There are no studies looking at the long term weight outcomes for stevia or sugar alcohols (6).
Do artificial sweeteners cause cancer?
The Cancer Council of Australia has reported that artificial sweeteners do not cause cancer. This decision has been determined after analysing a large number of quality scientific studies and experiments (5).
Although artificial sweeteners have some clear health benefits over added sugars, they may not entirely ‘guilt free’ – particularly in the case of synthetic varieties. This is especially true if they cause an increase in your sweet cravings and appetite! And – we probably haven’t learned all there is to know about the long term safety of all types of artificial sweeteners.
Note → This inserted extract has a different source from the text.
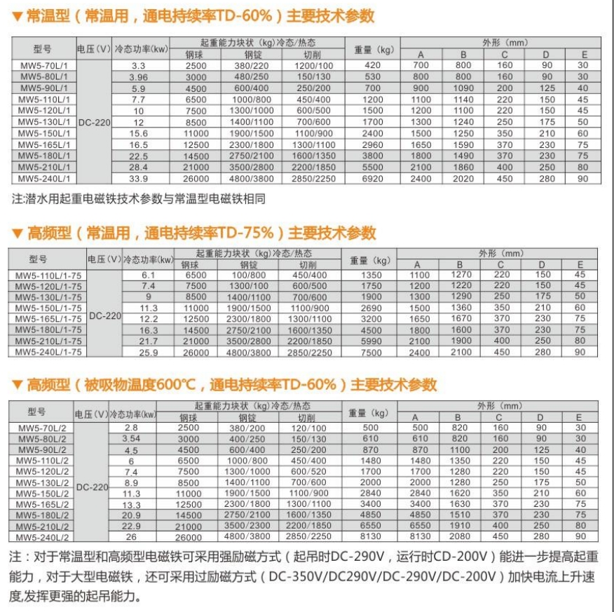 適用于搬運(yùn)鑄鐵錠、鋼球及各種廢鋼。

Although yet to be proven, new hypotheses linking artificial sweeteners and health consequences are popping up by the day.
The best option will always be unsweetened varieties. For example, buying an unsweetened, natural yoghurt. You can sweeten this in a natural, healthy way using fresh, frozen or stewed fruits. Another example – drinking your coffee and tea straight up, or with a dash of milk, instead of adding sugar or sweetener.
However, if you enjoy the taste and convenience of pre-sweetened options, and you consume these products regularly, we recommend an artificially sweetened options. Preferably, a product that uses stevia or a sugar alcohol – as these have less ‘negative’ press. For example, Danone YoPro is a yoghurt that uses stevia rather than added sugar or synthetic sweeteners. Likewise, adding stevia to your beverages.
If you indulge in sweets very occasionally, a little ‘real sugar’ should be fine.